In that same century,
a Herr Grunack discovered a particularly unusually colored egg, very dissimilar
in appearance to how a cuckoo's egg would normally look. On inspecting
the embryo inside, the distinctive zygodactyl feet were observed, indicating
that it was indeed a cuckoo's egg.
It has been suggested
that there may be a hereditary aspect in the choice of nest where the hen
cuckoo deposits her egg. It is quite possible that a cuckoo who has
succeeded in placing her egg in, for example a Reed-Wren or Titlark's nest,
may continue to use this type of bird's nest in the future.

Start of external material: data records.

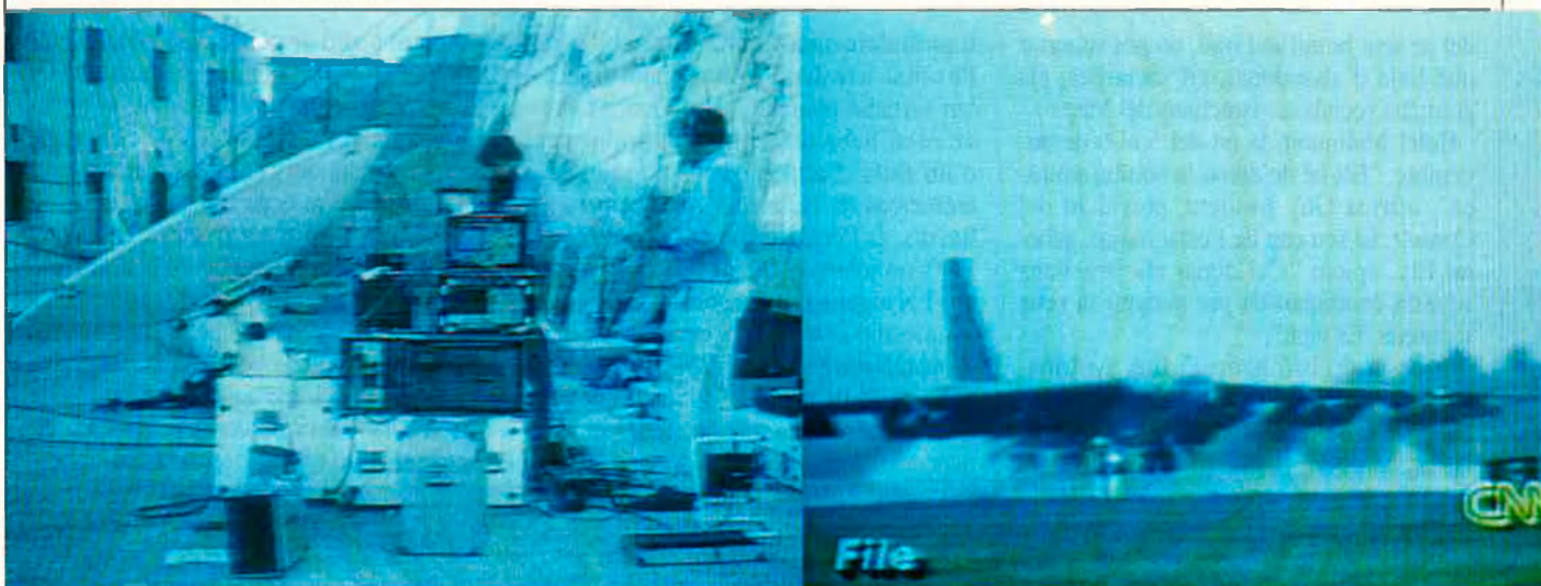
Durant els anys 70 i 80 el Mossad va estar molt actiu.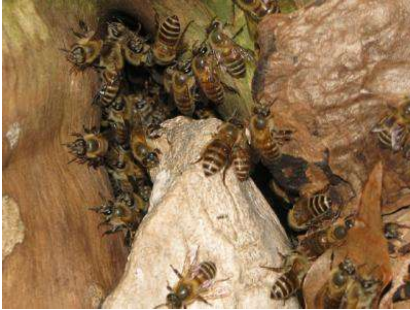
観察コース途中のイチヨウの樹の根元のニホンミツバチの巣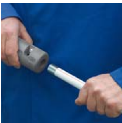
L'outil de dénudage Viega sert à dénuder la gaine extérieure blanche du tube Prestabo.

Viega a mis au point des outils qui excellent par leur convivialité et leur fiabilité à toute épreuve pour travailler avec Prestabo : l'outil de dénudage permet de retirer la gaine PP blanche des tubes pour les installations apparentes. Et, les machines à sertir Viega vous permettent de réaliser des raccords sûrs en quelques secondes.

In 1873
it was reported that for an 8 or 9 year period a pair of wagtails who had
built their nest in virtually exactly the same location, had each year
fostered a cuckoo chick, and numerous parallel circumstances are thought
to have occurred. This habitual choice of the type of nest may pass
down in a hereditary fashion from mother to chick, resulting in the hen
daughter of a Cuckoo who had constantly chosen to deposit her egg
in to a Titlark's, Reed-Wren's or Wagtail's nest, choosing the same
type of nest as her mother. This habit, if continually successful
in resulting in the birth of live young, may then pass down through generations.
Although there may
be some difference between eggs which are laid by individual cuckoos, those
laid by the same cuckoo are quite similar even over many years, and it
is conceivable that a daughter cuckoo's eggs may have a similar appearance
to those of her mother's. Taking into consideration the idea that
a cuckoo's habit of selecting the nest of one particular species of bird
could (if resulting in a successfully brooded chick) become hereditary,
it has been suggested that the situation whereby a cuckoo's eggs
resemble those of the bird in which it chooses to place them could be explained
via a proces of natural selection....the cuckoos who inherit and transmit
the habit of placing their eggs in the nest of a bird whose own eggs are
similar being likely to thrive and survive, whereas those who did not inerit
this habit being likely to perish and thus stop the genetic line.